SETE POEMAS
(sete poemas do livro “Não esquecer” de Clara Baccarin
Ed. Patuá, 2022. Contemplado com o ProacLab 2021)
***
ser a própria voz
final de flor
pétala caída
com sinal
de semente
nascente
navegando
nas águas
turvas do rio
pedra bruta
nas rugas
da pele
rouquidão
entre parênteses
insistentes
linhas
que tocam
as mãos
***
andam
recolhidas
minhas asas
e
nunca estiveram
tão prontas
para voar
***
caminho
noite de meia lua
na estrada sem luz
folha seca de embaúba
ou gambazinho morto?
barulho de vento na mata
ou bicho grande que espreita?
discos voadores dançando no céu
ou experimentos espaciais de elon musk?
distante um disparo de tiro
ou escapamento velho de moto invisível?
espíritos que acompanham a subida da serra
ou presságio de dia que nascerá limpo?
***
uma criança chora na casa
e acorda as outras
que com tantos anos
aprenderam a guardar os choros
chora alto
em frente aos desesperos
das que pararam de chorar
e quer consolo
das crianças de corações
quebrados
e as crianças de corações quebrados
tremem dos pés à cabeça
ao barulho de sirenes nas ruas
de miados de gatos
de alarmes de despertadores
e de choros de outras crianças que choram
e que cortam tudo o que cochila
nas crianças que não choram
as crianças de corações quebrados
então
fecham as portas
falam muito
acendem uma tela ou um cigarro
imploram que silenciem
encontram bicos para as bocas
abafando os sons de dentro
e doem mesmo assim
até que aprendem um pouco, que seja
a destravar os braços
e pegar no colo
as crianças que choram
e seus próprios vestígios
***
eu não passaria
de novo
o fim do mundo
com você
mas talvez
uma tarde de chuva
uma série apocalíptica
um doc sobre vida
extragaláctica
talvez uma lembrança
compartilhada
talvez um café velho
naquela rua gasta
e nossos corpos
enjoados
eu já não passaria
o fim do mundo
a reinvenção da vida
com você
mas te encontro
sempre sempre
num canto dos olhos
num breve respiro
no último segundo
***
querer tudo de um livro:
a começar (e terminar)
pelo cheiro
sentir como se encaixa
nas mãos
tocar as texturas
das folhas, palavras
demorar nas primeiras páginas
orelhas, lombada
espiar o que há debaixo delas
roçar o verso
com olhos e dedos
notar como inicia o percurso
gostar ou não
continuar sedento
ou fechar por ora
passar a língua
no primeiro parágrafo
e ver
o que acontece
depois
***
se você deixa
o dia te come
(por uma boca
pequena
ávida
silenciosa)
se você não pausa
o mergulho
e não pousa
os pés fora
do ciclone
e não seca
um pouco o corpo
nas margens de si,
as águas densas
desse cotidiano rio
te tomam
por todos
os cantos
se você não ousa
olhar estranho
os seus roteiros
talvez você já tenha
perdido
há tempos
as canetas
as agulhas e as linhas
e esteja sendo arrastado
por enxurradas coloridas
de dentro
da baleia azul


Fotografia de Clara Baccarin
Clara Baccarin é poeta e escritora, mora em Monteiro Lobato, interior de São Paulo.
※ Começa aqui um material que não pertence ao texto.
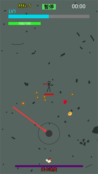4、进入关卡战斗界面,通过操控区域控制角色,收集【材料】-【金币】等资源,关注【关卡进度】条,可点击【暂停】调整战斗节奏。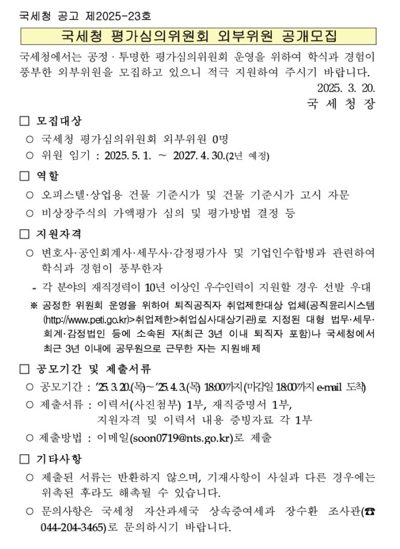2025³â ±¹¼¼Ã» Æò°¡½ÉÀÇÀ§¿øÈ¸ ¿ÜºÎÀ§¿ø °ø°³¸ðÁý °ø°í.pdf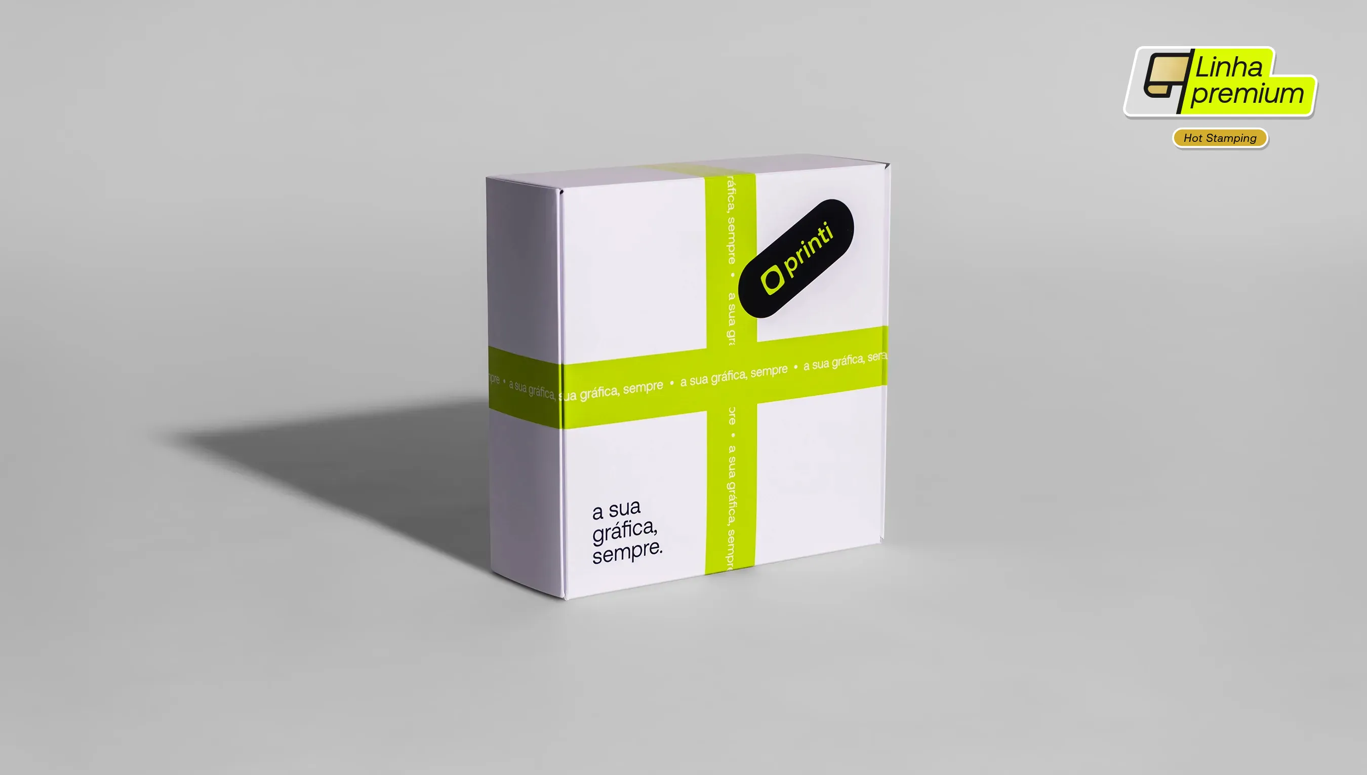Embalagens basculantes com detalhe em hot stamping, perfeitas para produtos sofisticados.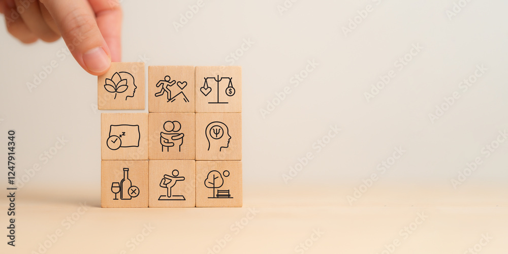 Holistic Wellness Concept. Wooden block with wellness icons, health care ,including mental well-being, fitness, nutrition, sleep, relationships and financial balance. Personal development and balance.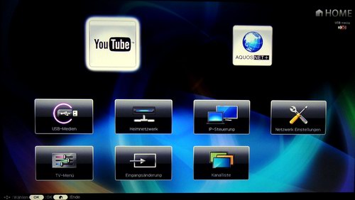 Der LE645 besitzt gegenüber bisherigen Sharp TV ein geändertes Bedienkonzept: Um in die Menüs oder das Internet zu kommen, muss man jetzt über die Home Taste auf der Fernbedienung erst in einen Home Bildschirm wechseln.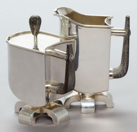 A PETER MULLER-MUNK SILVER CREAMER AND COVERED S

Graduada em Letras e mestre em Estudos Literários pela Unesp, publicou os livros de poesia Instruções para lavar a alma (Sempiterno, 2016. Vencedor do Prêmio Guarulhos de Literatura em 2017) e Vísceras (Patuá, 2019. Contemplado com o Proac 2018). Não esquecer é seu terceiro livro de poesia contemplado pelo edital Proac Expresso LAB 2021.